'Всему миру на исцеление...'
Многозначительно звучит - особенно в контексте того, как болезненно отреагирует общество, если не отыщет путь к звёздам.
И, опять же, вряд ли он задумался бы об этом, если бы не девчонка.
Помнится, Юра спросил однажды у комитетчика - зачем Тоню вообще втянули в эту историю? Клейма-то у неё нет. А тот отделался замечанием в своём стиле - она-де может 'помочь по-своему'.
И если исходить из того, что Комитет ничего не делает просто так, то всё это выглядит несколько... гм...
В осенней предпраздничной тишине тренькнул входящий вызов.
Звонила Тоня.
***
Юра замер - паранойя, словно чёрная птица, осенила его крылом. В самом деле, если припомнить факты, то картина вырисовывается вполне однозначная. Едва он получает отметину, как к нему подводят девчонку, которая начинает исподволь влиять на него, подбрасывать темы для разговоров, да так ловко, что никаких подозрений не возникает. Он летит на Марс - она тут как тут, поджидает на космодроме и в последующие три дня не выпускает его из виду, не отходит практически ни на шаг...
Мягкая трель звонка не смолкала. Самохин прикоснулся к браслету и деревянным голосом произнёс:
- Да, я слушаю.
- Ну что ж ты так долго не отвечаешь?
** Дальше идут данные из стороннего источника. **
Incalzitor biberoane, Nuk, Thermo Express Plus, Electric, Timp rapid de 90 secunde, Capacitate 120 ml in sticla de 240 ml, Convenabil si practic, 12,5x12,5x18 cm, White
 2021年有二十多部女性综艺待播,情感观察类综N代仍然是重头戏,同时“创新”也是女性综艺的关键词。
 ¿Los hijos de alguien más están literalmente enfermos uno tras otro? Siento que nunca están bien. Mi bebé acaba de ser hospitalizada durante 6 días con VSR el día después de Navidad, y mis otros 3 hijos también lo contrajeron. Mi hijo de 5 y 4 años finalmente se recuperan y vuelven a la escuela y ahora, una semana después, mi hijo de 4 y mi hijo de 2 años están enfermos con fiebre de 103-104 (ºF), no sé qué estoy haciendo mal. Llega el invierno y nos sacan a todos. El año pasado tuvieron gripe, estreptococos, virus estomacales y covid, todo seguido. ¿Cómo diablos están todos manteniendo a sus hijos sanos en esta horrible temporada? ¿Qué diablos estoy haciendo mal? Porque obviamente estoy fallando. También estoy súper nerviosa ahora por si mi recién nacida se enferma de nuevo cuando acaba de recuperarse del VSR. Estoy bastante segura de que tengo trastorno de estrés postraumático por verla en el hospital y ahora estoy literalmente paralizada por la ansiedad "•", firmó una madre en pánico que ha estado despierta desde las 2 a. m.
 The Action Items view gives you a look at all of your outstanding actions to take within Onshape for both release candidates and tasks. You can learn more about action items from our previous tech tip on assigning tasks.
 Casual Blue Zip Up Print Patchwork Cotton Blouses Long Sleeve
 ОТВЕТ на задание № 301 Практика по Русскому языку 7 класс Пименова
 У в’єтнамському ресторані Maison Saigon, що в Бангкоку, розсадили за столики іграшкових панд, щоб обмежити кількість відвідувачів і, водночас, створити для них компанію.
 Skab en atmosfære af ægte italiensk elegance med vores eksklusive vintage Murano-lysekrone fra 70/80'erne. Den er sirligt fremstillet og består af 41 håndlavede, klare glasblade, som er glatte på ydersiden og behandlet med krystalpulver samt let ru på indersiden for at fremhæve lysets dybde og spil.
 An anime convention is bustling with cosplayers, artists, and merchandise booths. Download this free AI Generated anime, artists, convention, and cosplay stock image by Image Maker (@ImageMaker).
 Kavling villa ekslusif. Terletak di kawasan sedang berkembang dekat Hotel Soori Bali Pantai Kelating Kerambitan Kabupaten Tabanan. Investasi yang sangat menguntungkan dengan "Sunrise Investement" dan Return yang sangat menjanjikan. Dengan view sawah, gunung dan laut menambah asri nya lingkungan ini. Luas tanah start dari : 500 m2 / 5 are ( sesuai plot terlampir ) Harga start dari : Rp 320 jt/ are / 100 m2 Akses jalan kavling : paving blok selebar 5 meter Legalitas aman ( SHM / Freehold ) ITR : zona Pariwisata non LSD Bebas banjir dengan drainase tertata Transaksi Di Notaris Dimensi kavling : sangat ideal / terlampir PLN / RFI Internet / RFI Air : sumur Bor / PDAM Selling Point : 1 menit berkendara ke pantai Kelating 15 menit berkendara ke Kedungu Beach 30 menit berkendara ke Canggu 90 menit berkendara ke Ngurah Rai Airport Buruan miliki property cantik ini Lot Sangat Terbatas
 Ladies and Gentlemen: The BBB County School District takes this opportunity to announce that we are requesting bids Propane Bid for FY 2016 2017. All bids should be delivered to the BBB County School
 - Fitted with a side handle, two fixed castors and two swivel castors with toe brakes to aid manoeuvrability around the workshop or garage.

Я уже испугалась!
И было в этой фразе столь явное, неподдельное облегчение, чуть приправленное укором, что Юра ощутил мучительный стыд.
Да что с ним такое творится, в конце концов? Если уж Тоню подозревать в коварных манипуляциях, то кому тогда вообще верить? Нет, эти чёрные мысли просто не могут принадлежать ему, студенту Самохину; им вообще не место в реальном мире, где светит солнце и живут люди. Мысли эти могли родиться только в зазеркальном гнилье, в трясине, наполненной ненавистью и страхом, чтобы потом, подобно яду, просочиться сюда - заодно с преддождевой хмарью...
- Прости, - сказал он. - Замешкался немного.
- Как себя чувствуешь? Что с твоими 'химерами'?
- Им, как всегда, облом. Никуда меня не утащат, не беспокойся.
- Уж надеюсь, - проворчала она. - На сегодня какие планы?
- Никаких пока, сижу думаю. А у тебя?
- В обед иду к сестре и к племяшкам в гости - соскучились, требуют. Прям-таки в ультимативной форме! Часов до трёх-четырёх у них посижу...
- А потом я тебя перехвачу. Как ты на это смотришь?
- Очень даже положительно!
- То-то же. Только адрес мне скинь, я тебя у подъезда встречу.
Отключившись, он подумал, что времени ещё остаётся много, и не мешало бы распорядиться им с толком. Не сидеть же, тупо пялясь в экран?
Следует, пожалуй, прочнее закрепить связь с зазеркальным городом. Независимо от того, реален ли другой мир или существует лишь в воображении Юры, сведения оттуда приносят пользу - история с Кириллом тому наглядное подтверждение.
Да, действительно, дело сдвинулось с мёртвой точки, как только вспомнились подробности сна. Так, может, успех удастся развить, если и тамошний сыщик получит полную информацию отсюда, с солнечной стороны? Он ведь тоже ищет путь к амулету, собирает подсказки.
Как говорится, одна голова хорошо, две - лучше.
Едва эта мысль оформилась, отметина на руке напомнила о себе, ожгла короткой саднящей болью. Самохин, сочтя это подтверждением своих выводов, взял куртку и шагнул за порог.
Помнится, сыщик во сне собирался с Риммой на медноярский вокзал. Раз существует такая точная географическая привязка, то почему бы ей не воспользоваться? На Тепличной это уже сработало, а ведь тогда студент действовал почти наугад...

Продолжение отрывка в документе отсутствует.